Rogers, whose campaign finances are under state investigation, reported after leaving the Senate in 2012 that his re-election fund held about $234,000 in unspent donations.
But now he says only $138,000 remained in the account in January 2013, according to an amended disclosure filed in August. No explanation was offered for the $96,000 discrepancy.
The change is significant because Rogers’ dormant account — holding money raised for his single term in the House of Representatives in 2003-04 — still owed him $70,000 for a personal loan.

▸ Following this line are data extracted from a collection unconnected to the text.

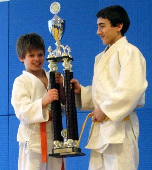 Im gemischten Pool mit Julia, Piet, Marco und Elefterios (Lefti) ging es heiß her, nicht das sich alle um eine Frau schlugen, nein, so lösen Judoka keine Probleme, es gab ja auch keine, außer: alle wollten auch einen Pokal, den bekam unbesiegt Marko, Lefti durfte den Silberpokal mit nach Hause nehmen und Bronze war für Julia und Piet bei den bis 33 kg-Startern.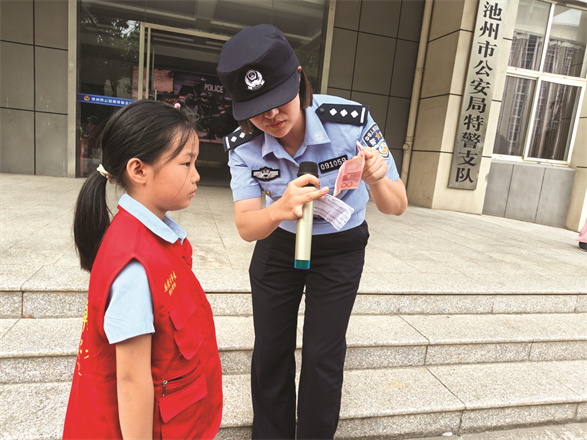 为增强学生们的法治观念和安全意识,培养学生们的爱国情怀和社会责任感。9月26日下午,《安徽青年报》“厚植爱国情怀 争做时代新人”学生记者主题采风活动在池州市开启,来自贵池区的40余名学生记者走进池州市公安局。通过实地体验,切实感受公安工作的惊险与挑战,亲身感知公安队伍对维护社会治安、保护人民生命财产安全发挥的重要作用,激发了他们对警察职业的崇敬与向往,更坚定了同学们长大后保家卫国的坚定信念。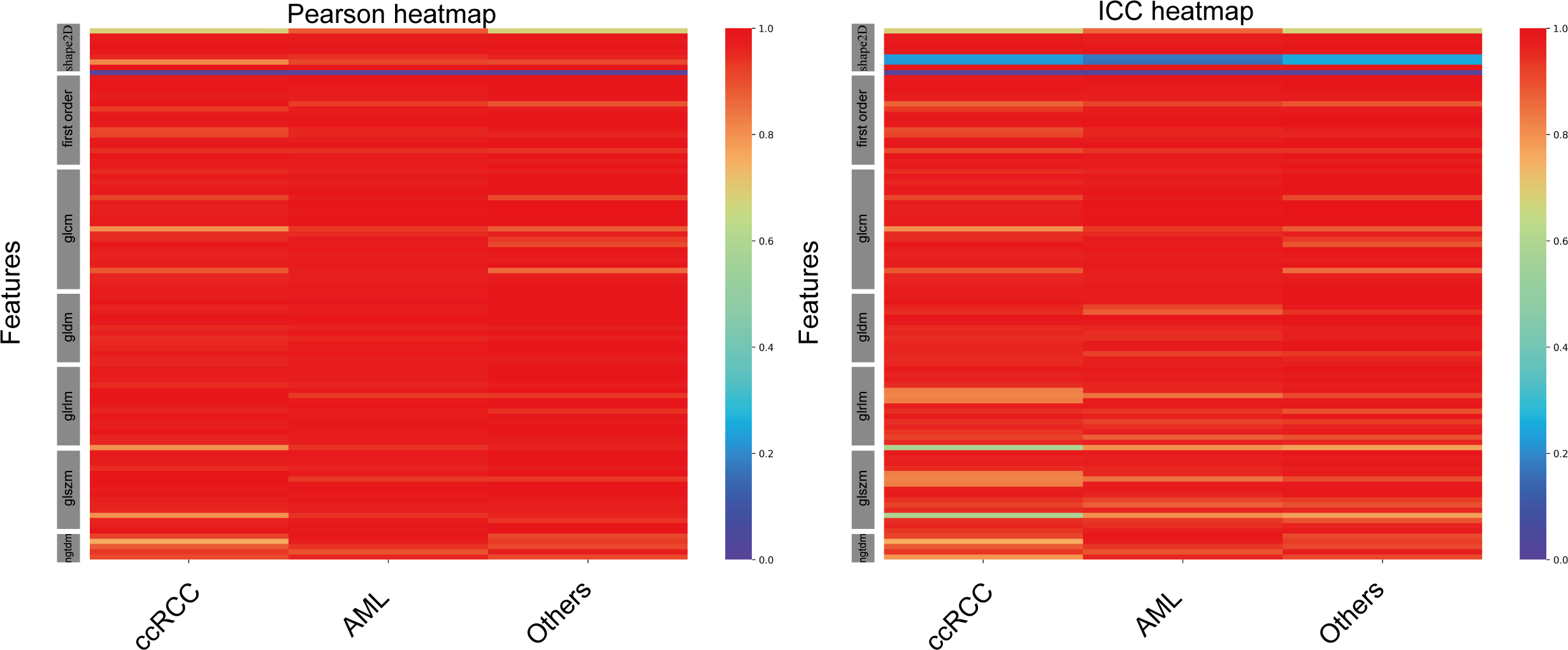 Heat maps of Pearson correlation and intraclass correlation coefficients for radiomics features extracted from manual segmentation and U-Net++ models based on automatic segmentation in different subtypes of renal tumor.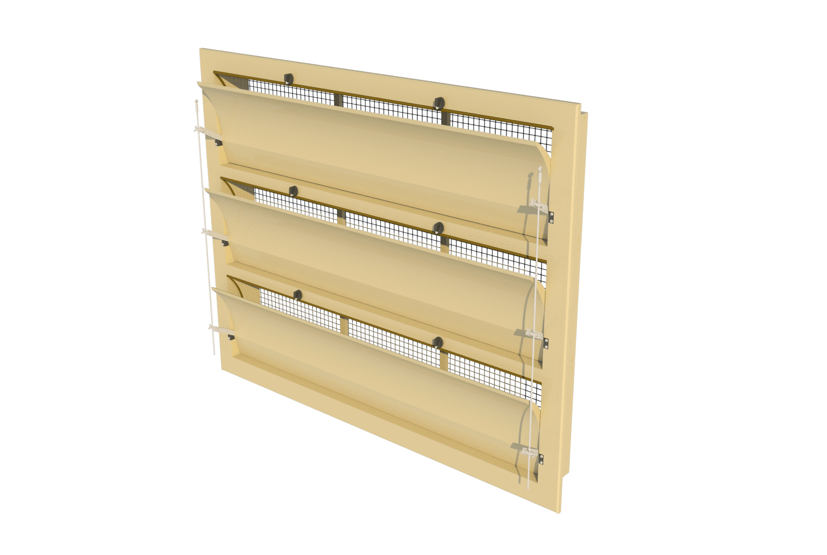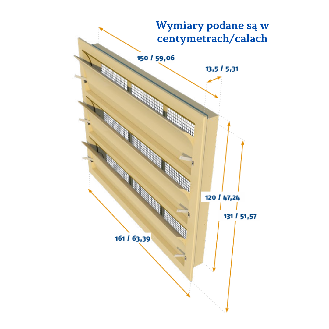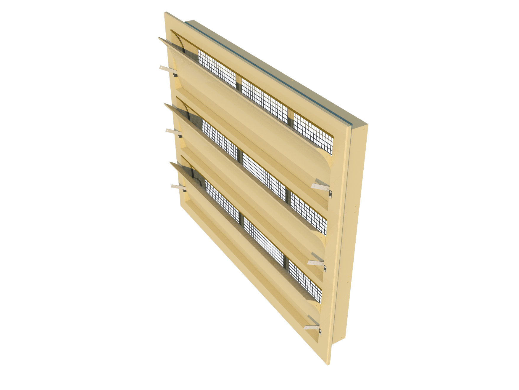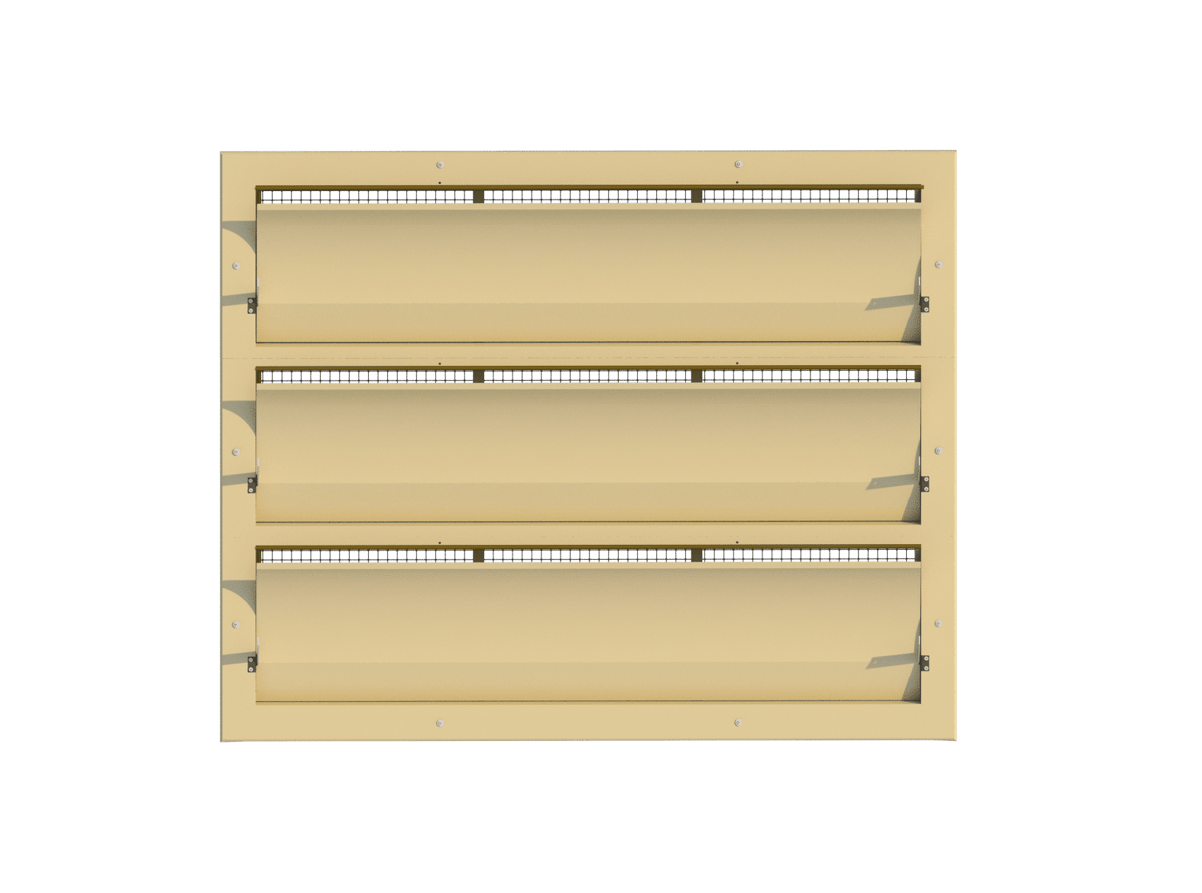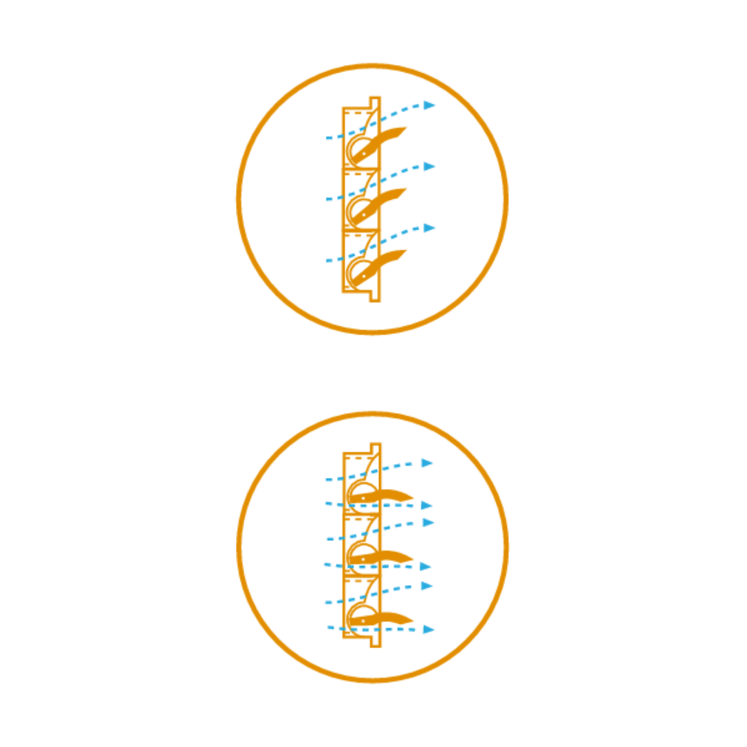 Zakrzywiona wewnętrzna klapa. Ten wlot wyposażony jest w zakrzywioną wewnętrzną klapę. Zakrzywione klapy kierują powietrze w górę podczas minimalnej wentylacji, a po osiągnięciu określonego stopnia otwarcia – również w dół. Jest to idealne rozwiązanie dla budynków, w których powietrze powinno być kierowane bezpośrednio na zwierzęta lub nad nimi podczas maksymalnej wentylacji.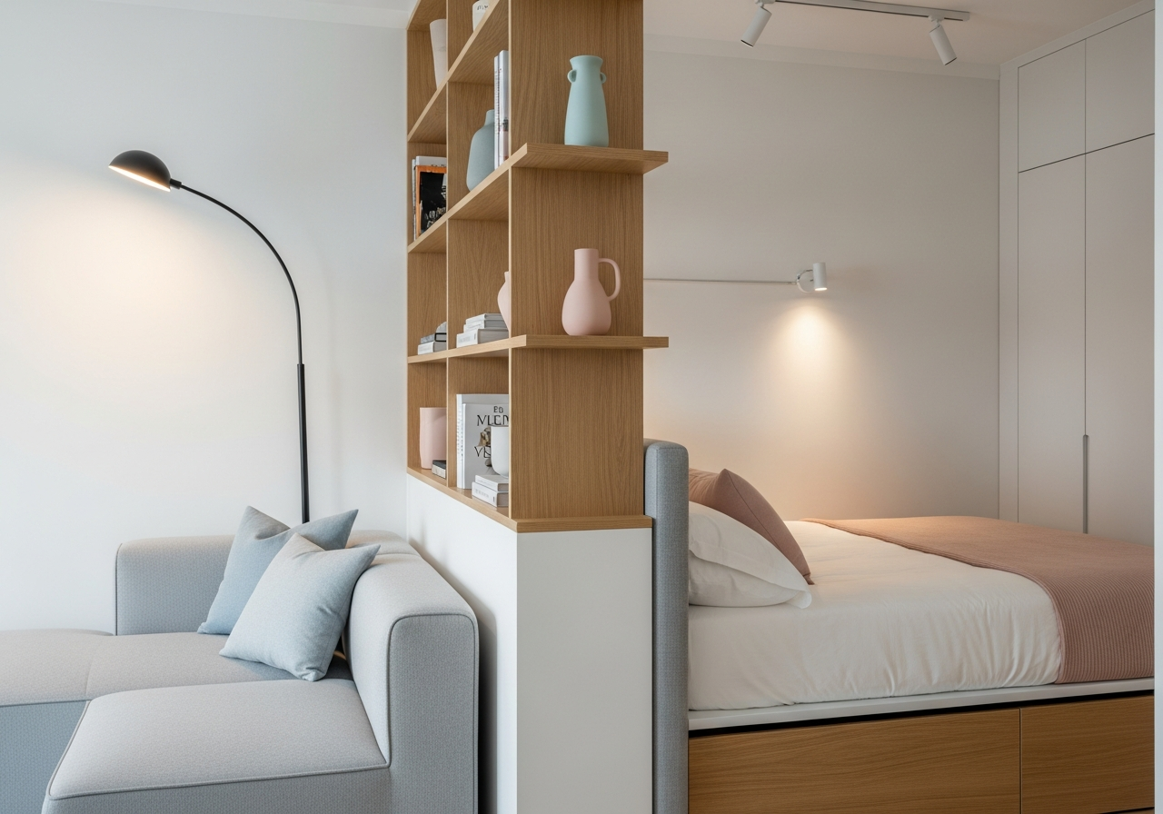Fizyczne podziały: jak oddzielić strefę dzienną od sypialni w kawalerce 25m²?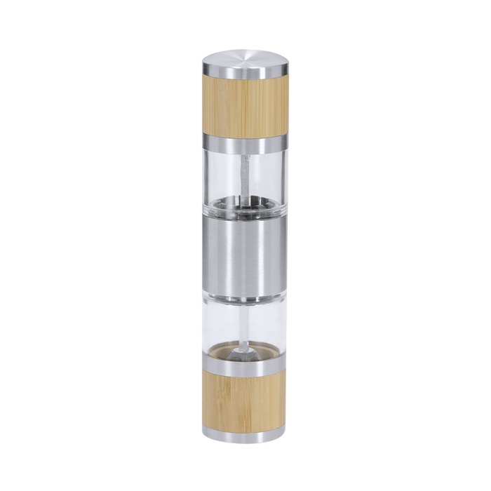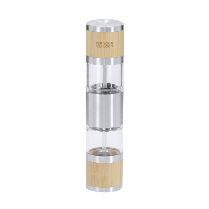 Manuelle Gewürzmühle für Salz und Pfeffer aus Bambus und Edelstahl, ausgelegt für den täglichen Einsatz in Küche oder Gastraum. Sie verfügt über zwei getrennte Kammern, eine für jedes Gewürz, und erleichtert den Wechsel des Geschmacks, ohne zwei separate Mühlen zu benötigen. Jede Kammer enthält ein internes Keramikmahlwerk mit manueller Einstellung des Mahlgrades, sodass Sie je nach Gericht zwischen feiner oder gröberer Mahlung wählen können. Das seitliche Sichtfenster ermöglicht es Ihnen, den Füllstand auf einen Blick zu kontrollieren. Eine praktische Option für Unternehmensgeschenke in der Gastronomie oder für Markenaktionen im Lebensmittelbereich.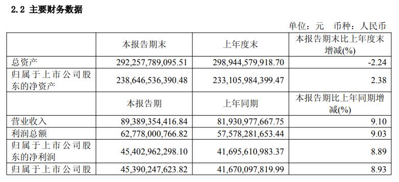 贵州茅台(600519)8月12日晚间发布2025年半年报,上半年营业收入893.89亿元,同比增长9.1%;归母净利润454.03亿元,同比增长8.89%。上半年,公司茅台酒基酒产量约4.37万吨,系列酒基酒产量约2.96万吨,各轮次基酒符合轮次特征,生产质量稳中向好。 ![]()

With the higher balance, the fund could repay more than 80 percent of that debt.
It’s unclear whether Rogers can be held accountable for transactions prior to 2013, since Georgia has a 3-year statute of limitations for legislators’ campaign disclosures.
But William Perry, whose 2015 complaint sparked the pending probe of Rogers, said the former senator needs to be transparent about the discrepancies.
“Amending reports that are now beyond the statute of limitations without providing any explanation, I feel, is the equivalent of stealing,” said Perry, head of the advocacy group Georgia Ethics Watchdogs. “If that is not happening, he owes the people of Georgia an explanation.”
What accounts for the revised campaign figures is not known: previously undisclosed donations or spending, unreported loans, or a fund transfer from one account to the other. (Other than making donations under the legal limit, candidates may not spend money raised to seek one office to campaign or retire debt for another.)
Doug Chalmers, Rogers’ attorney, declined to comment on the new filings.
Rogers filed three years of delinquent campaign disclosures in August at the same time he amended the older ones, answering a question we posed a year ago: “Is ex-Sen. Rogers cashing in his campaign chips? Or has he already?”
The newer disclosures show the campaigns have spent more than $56,000 since 2013 to repay Rogers for personal loans. The transactions include airfare; hotel and restaurant tabs; purchases from Nike, Footlocker, Old Navy and the PGA Superstore; and tickets to Six Flags, the theater in London’s West End and Atlanta’s 2015 Shaky Boots Festival.
The state ethics commission, even before much of that spending had been reported, maintained that more than $27,000 in reimbursements to Rogers were improper. In a July 14 complaint obtained by Atlanta Unfiltered, the commission’s staff alleged that his Senate account had repaid Rogers more than $144,000 even though he had only loaned it about $117,000.
The complaint asks that Rogers refund the $27,785 difference unless he can explain the discrepancy satisfactorily. Rogers has not filed a response.
The commission opened an investigation in 2015 after Atlanta Unfiltered reported that Rogers had amended old disclosures to claim his Senate campaign owed him tens of thousands of dollars, much of it for unclaimed mileage, that he hadn’t reported while in office.
Rogers’ attorney told the commission in February that the former senator hopes to close the accounts and donate the remaining funds to charity. As of June 30, the two campaigns reported a total balance of $104,780 and a debt to Rogers of about $82,000.